For most homeowners, mortgage payments are paid once a month. Yet some homeowners opt to make a payment twice a month, a proven strategy that can help you pay off your mortgage faster, save thousands on interest and quickly accrue more home equity.
On the other hand, bi-weekly mortgage payments aren’t for everyone. Not everyone has the same financial goals or priorities, and not every lender is as accommodating to paying off your loan early. Still, for some homeowners, bi-weekly payments can be a great choice.
Understanding Bi-Weekly Payments
The magic of bi-weekly mortgage payments comes down to simple math. There are 12 months in a year, and so most mortgage borrowers make 12 payments per year. However, there are 52 weeks in the same year, and so if you make a half-payment every two weeks, you’ve mady 26 bi-weekly payments. That comes out to not 12, but 13 full monthly payments over the same period.
Or consider the dollar value of such added payments. If your monthly mortgage payment was $2,000, you would pay $24,000 over 12 monthly payments. However, if you paid $1,000 every two weeks, you would pay a total of $26,000 over the same time period, equal to a full 13th monthly payment each year.
Now consider how paying 13 mortgage payments per year could affect your loan long term. With a 30-year fixed-rate loan, you can expect to pay 360 monthly mortgage payments. Yet if you paid 13 payments per year, you could shave years off the same loan, both because you are prepaying your mortgage ahead of schedule and the fact that each added principal payment reduces your loan’s total interest.
Switching to Bi-Weekly Payments
How you can switch to bi-weekly mortgage payments depends on your mortgage lender or loan servicer. Some smaller banks and credit unions simply offer bi-weekly payment options. You may be able to make bi-weekly payments automatically and switch back to monthly payments, if needed, down the road.
However, other lenders may accept bi-weekly payments via a third-party payment-processing company. But there can be drawbacks to this method. Many companies charge a setup fee for handling your bi-weekly payments, that typically runs anywhere from $200 to $500, and then there may be an addition fee for each payment processed. Such charges can add up, defeating the purpose of making the extra payments to save money.

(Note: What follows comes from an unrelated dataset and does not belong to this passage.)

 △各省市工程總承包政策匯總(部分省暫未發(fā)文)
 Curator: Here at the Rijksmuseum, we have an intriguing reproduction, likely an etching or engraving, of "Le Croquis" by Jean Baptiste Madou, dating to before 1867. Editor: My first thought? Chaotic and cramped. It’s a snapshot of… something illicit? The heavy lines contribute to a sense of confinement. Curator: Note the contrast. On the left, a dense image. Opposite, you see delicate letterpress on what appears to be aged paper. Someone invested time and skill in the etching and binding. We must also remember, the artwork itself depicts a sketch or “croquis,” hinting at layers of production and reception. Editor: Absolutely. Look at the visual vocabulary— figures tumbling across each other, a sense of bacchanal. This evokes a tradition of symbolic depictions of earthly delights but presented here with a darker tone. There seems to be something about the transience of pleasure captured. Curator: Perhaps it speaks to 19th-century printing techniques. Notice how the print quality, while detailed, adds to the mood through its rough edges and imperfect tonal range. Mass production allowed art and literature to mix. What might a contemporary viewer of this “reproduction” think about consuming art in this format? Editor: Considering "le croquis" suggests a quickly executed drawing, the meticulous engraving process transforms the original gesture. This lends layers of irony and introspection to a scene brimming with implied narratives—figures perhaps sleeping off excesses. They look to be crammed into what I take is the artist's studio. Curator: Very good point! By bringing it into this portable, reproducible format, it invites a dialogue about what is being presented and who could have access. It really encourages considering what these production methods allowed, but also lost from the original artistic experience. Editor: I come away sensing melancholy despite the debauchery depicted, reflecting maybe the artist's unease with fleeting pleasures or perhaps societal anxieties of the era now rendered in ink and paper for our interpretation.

Making Your Own Extra Payments
Because bi-weekly payment options aren’t offered by all loan servicers, and because third-party fees can be too costly, many people opt for a third option, which is simply to make your own extra payments. This works well for borrowers who have the self-discipline to keep making their own extra payments over months and years.

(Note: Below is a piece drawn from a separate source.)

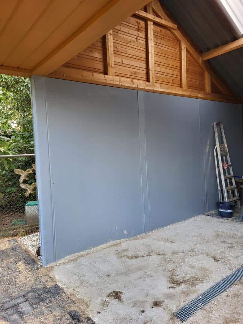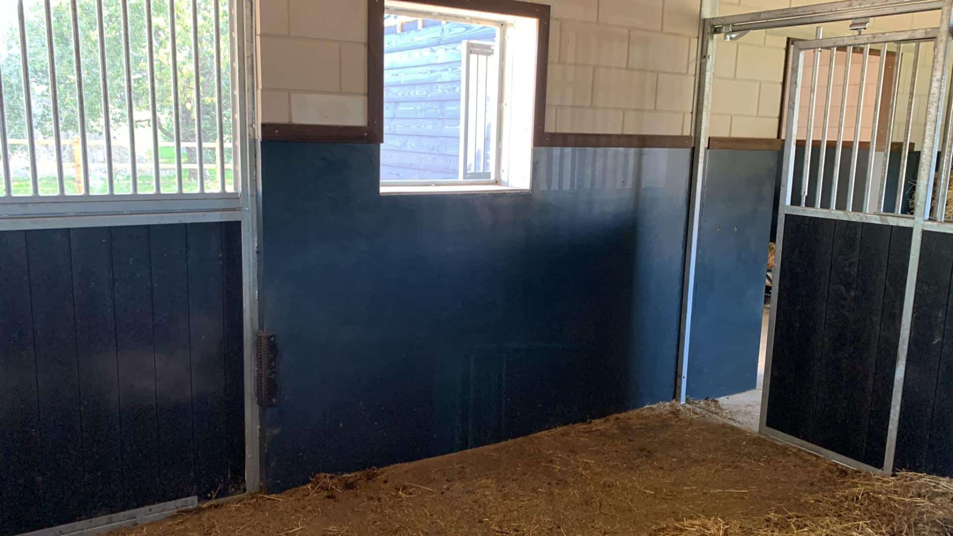 In deze paardenstal werd Farmcoat Wandcoating in RAL 7001 aangebracht door de eigenaar. Na het aanbrengen ontstaat een naadloos oppervlak dat zeer goed schoon te houden is.

Since you’re making your own extra payments on your own initiative, it’s your choice how and when to make them. One method is to take your regular monthly mortgage payment and divide by 12. Then add that amount onto each of your monthly mortgage payments. At the end of the year, the extra change will have added up to an extra full mortgage payment. Another option is to put the same 1/12th-payment amount into a separate savings account each month, then use those savings to make an extra full mortgage payment at the end of the year. You could also make additional payments throughout the year as possible if your income fluctuates seasonally.
Checking in with Your Loan Servicer
If you decide that making a bi-weekly mortgage payment is something that you want to do, the next step is to check in with your loan servicer about your payment options and the loan servicer’s policies.
First, you’ll want to inquire about the company’s own bi-weekly program if they have one. If it’s ran by a third-party firm, you’ll want to find out what the fees are, how your extra payments will be applied, and the procedures for reverting back to monthly payments, if need be. Also, make sure not to submit a half-payment without authorization first, as your loan servicer may consider this an incomplete payment.
Next, find out if there are any prepayment penalties for pay off your loan early. If so, you’ll need to weigh that cost against the money you could save with extra payments. Finally, you’ll want to ensure that any additional funds you send into your loan servicer is applied to your outstanding loan principal and not to principal and interest. Servicers usually do this automatically, but you’ll want to make sure you submit any additional payment per your company’s policy and make sure it’s allocated as intended.
Meeting Your Other Financial Goals First
There’s no doubt about it, making bi-weekly mortgage payments can help you pay off your mortgage faster and save thousands on interest over the life of your loan. Plus every extra payment you make is added equity, which will benefit you if you need to sell or refinance down the road.
Still, it’s good to point out that mortgage debt is a low interest form of debt, and that interest is partially tax deductible. So it may make more sense to put the money somewhere else first, like high-interest credit card debt.
It’s also a good idea to make sure your other financial goals are being met before exploring bi-weekly mortgage payments. For instance, an emergency savings fund should come first, and you shouldn’t neglect savings for retirement or college funds. However, once you are able to address these other goals, it’s a good time to think about putting your excess cash toward bi-weekly mortgage payments. There are many upsides and, when done properly and under the right circumstances, few drawbacks.